Obsessed, the little sister of A&E’s Intervention premiered last week with the same general concept as the original, replacing addicts with OCD sufferers and less death. So that’s definitely in the show’s favor — we like anything that doesn’t make us feel like evil voyeurs. But without the life or death stakes, can it possibly make for fascinating TV like its predecessor?
Well, the downside of ditching the drugs is that the drama is also dialed down too (we dare you to say that five times fast). That said, the producers do a good job of showing all the sad and lonely that can accompany OCD. Example: The episode we saw (full episodes here) centered on a girl who couldn’t stand to look at her family’s hands and another with obsessive thoughts about hurting people. You see how hard it is for them to cope in their everyday lives (both had a bagel with cream cheese; is there something the bagel industry isn’t telling us?), and then they start therapy. Part of the therapy involves being exposed over and over to whatever it is that bothers them. For the girl with the hand problem, that was pretty straight-forward, but for the other one… well, her therapy was holding a knife to her therapist’s neck. It made for pretty riveting TV.

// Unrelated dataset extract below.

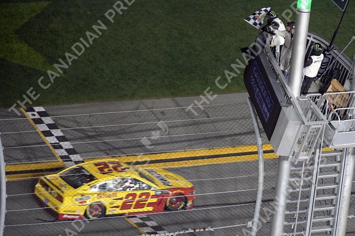 Joey Logano (22) takes the checkered flag to win the second of two qualifying races for the NASCAR Daytona 500 auto race at Daytona International Speedway Thursday, Feb. 14, 2019, in Daytona Beach, Fla. (AP Photo/Phelan M. Ebenhack)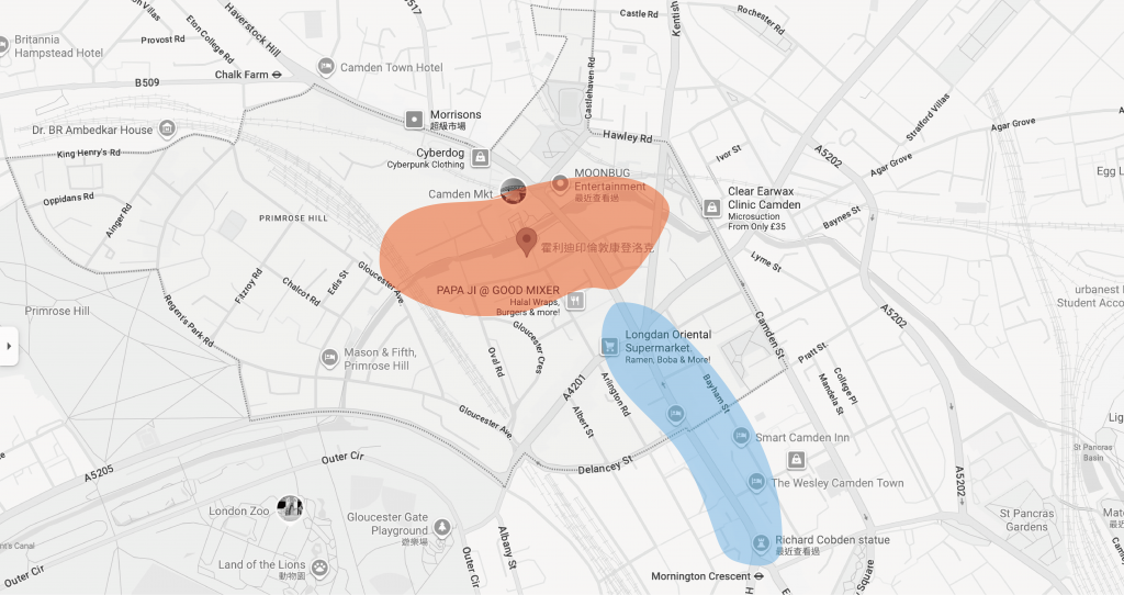 However, on Google Maps, Camden Town actually covers a much larger area.

But this is where we think Obsessed is going to run into problems; it’s not relatable. While most of us have tiny OCD habits, it becomes really hard to understand where some of these people are coming from; we had to restrain ourselves from yelling “It’s just hands!” at the TV screen. You walk away from the episode feeling more frustrated than informed.
So will this be the breakout hit that Intervention was? No, dadgum. As much as we hate to admit it, Obsessed has a lot more to do with getting well than salaciously delicious drama. That’s just not as much fun. But whether or not the show makes it, it seems like A&E has found it’s I Love The 80s — expect to see this formula repeated ad nauseum.